DeepSeek excels at CSAT questions... Tried solving difficult Korean language problems

Solved Relatively Easily but Weak in Complex Reasoning
Becomes Unresponsive Every Five Minutes... "Needs Improved Stability"

Deepseek, a Chinese artificial intelligence (AI) that surprised the world by developing an innovative chatbot at low cost, demonstrated its ability to easily solve questions from the College Scholastic Ability Test (CSAT).

DeepSeek excels at CSAT questions... Tried solving difficult Korean language problems

DeepSeek application screen. Photo by Reuters and Yonhap News.

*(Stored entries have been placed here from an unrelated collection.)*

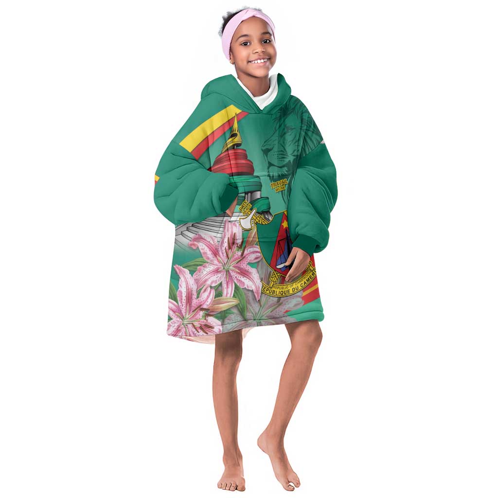 Monument de la Reunification Cameroun Kid Wearable Blanket Hoodie Coat Of Arms With Lily Flowers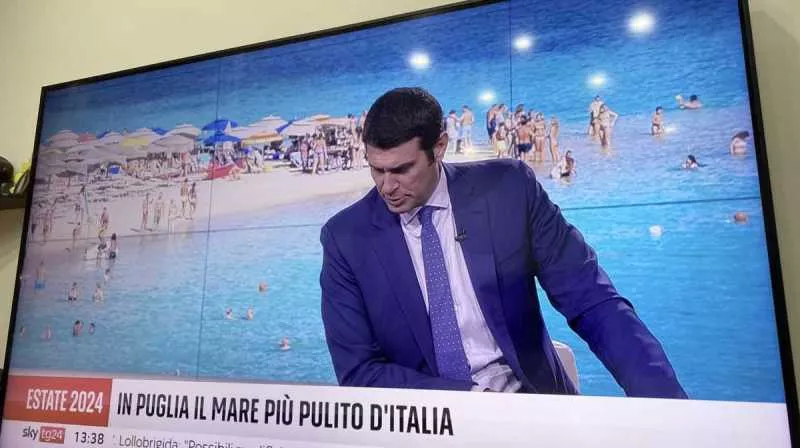 CAGLIARI. Il titolo è "Estate 2024: in Puglia il mare più pulito d'Italia", ma alle spalle del conduttore c'è una foto di Tuerredda. L'immagine diventata virale sui social è stata scattata e condivisa dal consigliere regionale del M55 Gianluca Mandas. Durante il telegiornale di SkyTg24 infatti si parlava dell'attività di monitoraggio del Snpa, il Sistema nazionale per la protezione dell’ambiente, che ha decretato la Puglia come regione con il mare più pulito.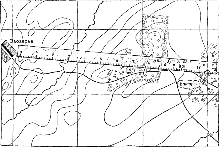 Рис. 257. Так определяют по карте буссоль цели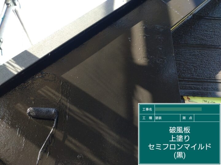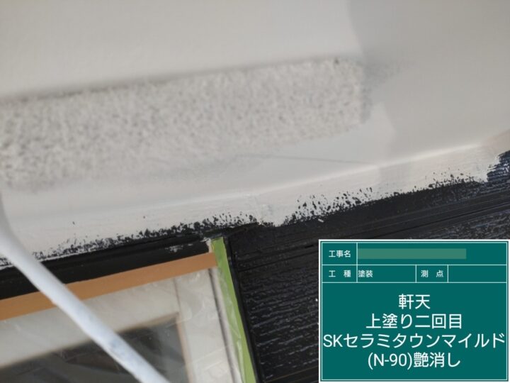 窯業系サイディングで出来た破風板・鼻隠し、こちらも下地処理し、プライマーを塗り、上塗りを2回全体へ塗装しました。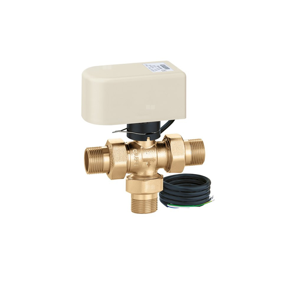 Trójdrożny kulowy zawór strefowy z napędem, wersja z obejściem 1"-230V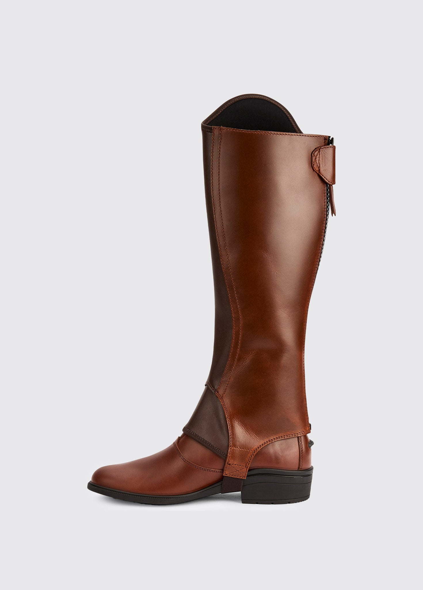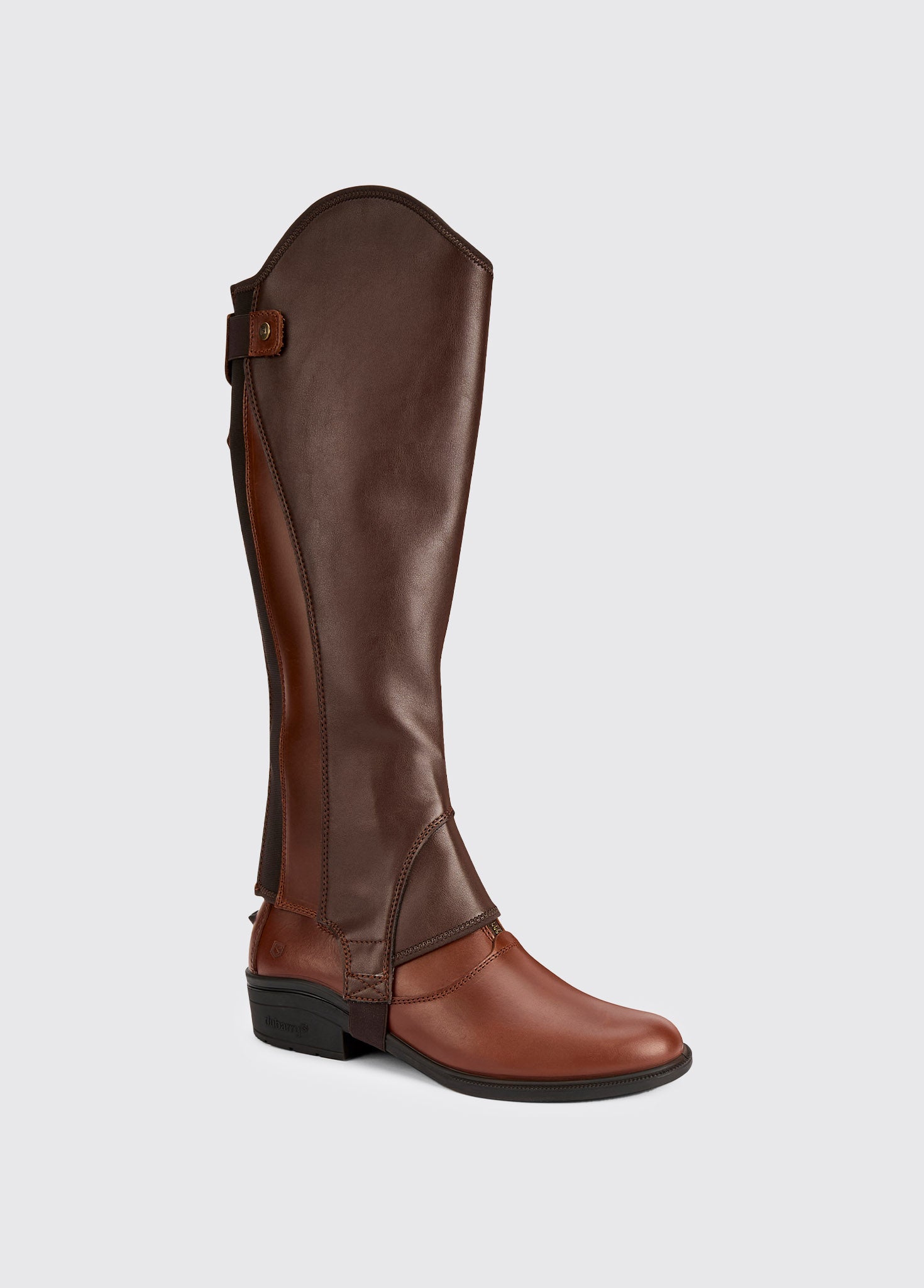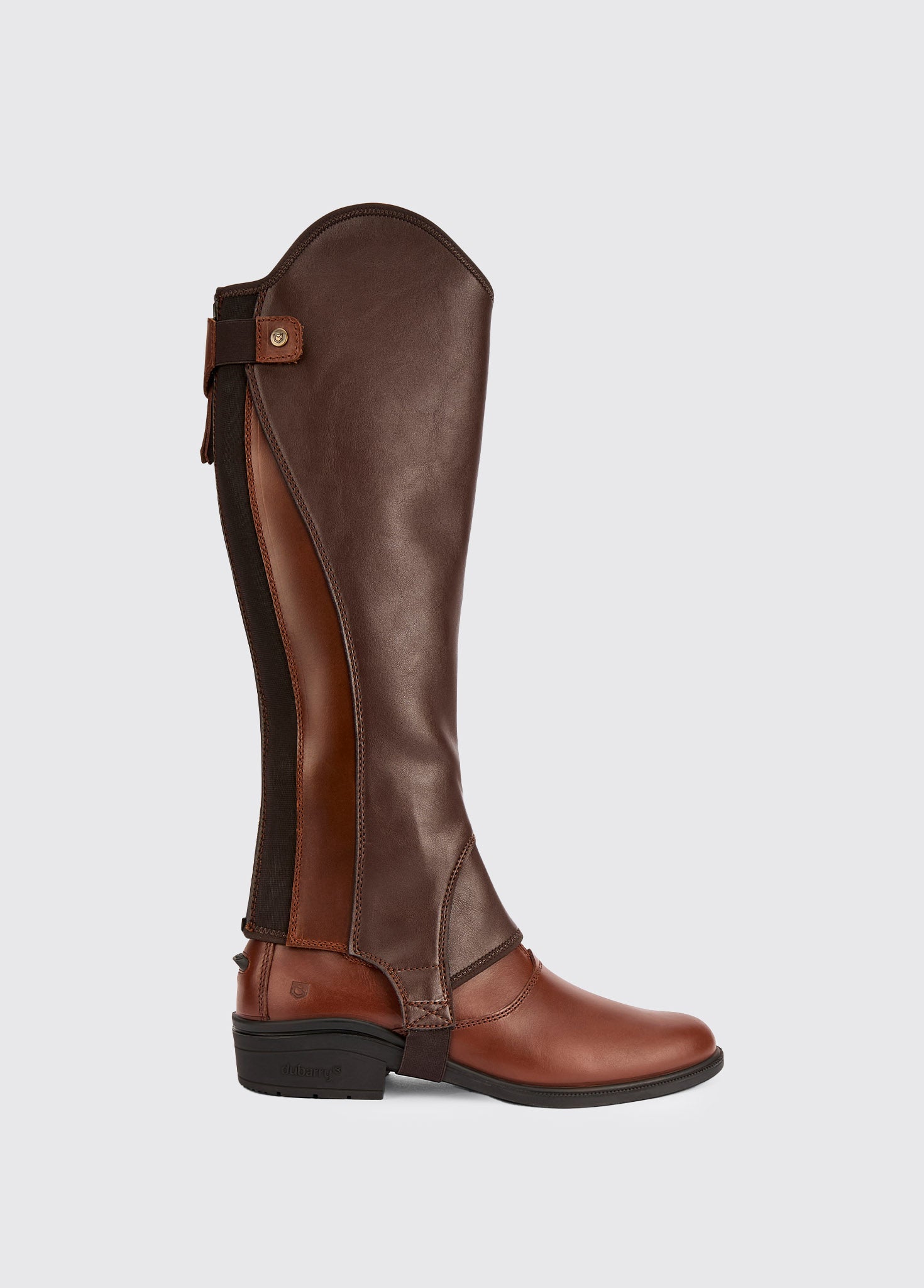 The Dubarry half chaps are made with the highest quality full grain leather, incorporating a full-length lateral stretch panel for a snug fit and an elasticated stirrup to pair perfectly with the Punchestown paddock boot.

On the 31st, Yonhap News revealed the results of training Deepseek with CSAT question passages and having it solve the problems. In the 2024 CSAT Korean common subject, which was considered relatively difficult, it got 5 out of 34 questions wrong, resulting in a total deduction of 12 points. The current CSAT Korean section is divided into a common subject (questions 1?34) and an elective subject (questions 35?45), where students choose between Language and Media or Speech and Writing. The 2024 CSAT Korean first-grade cutoff scores were 84 points for Language and Media and 88 points for Speech and Writing.

Deepseek quickly provided answers for passages related to modern literature and questions on spelling and vocabulary. In particular, when the 'Deepseek R1' feature was activated, it showed detailed problem-solving processes. However, it showed weaknesses in non-literary passages, such as analyzing hypothetical public opinion survey statistics based on a passage considered a high-difficulty question (question 7) and comparing and analyzing different data processing techniques (question 10).

Additionally, it revealed weaknesses in questions asking about the speaker’s intent expressed in specific phrases (questions 25 and 31) and questions about expressive techniques in classical poetry (question 34), where it either considered all answer choices as correct descriptions or provided incorrect interpretations.

Regarding math problems, it correctly solved 2-point calculation questions but struggled somewhat with high-difficulty problems requiring complex reasoning. It failed to recognize captured images in geometry problems and got stuck in an infinite loop by trying all possible values that satisfy initial conditions in subjective sequence problems.

Furthermore, Deepseek frequently displayed a "server is busy" message about once every five minutes, causing prolonged outages. Considering the global surge in users, this frequency and severity were reported to be higher compared to the early days of OpenAI’s ChatGPT, which sparked the previous generative AI craze.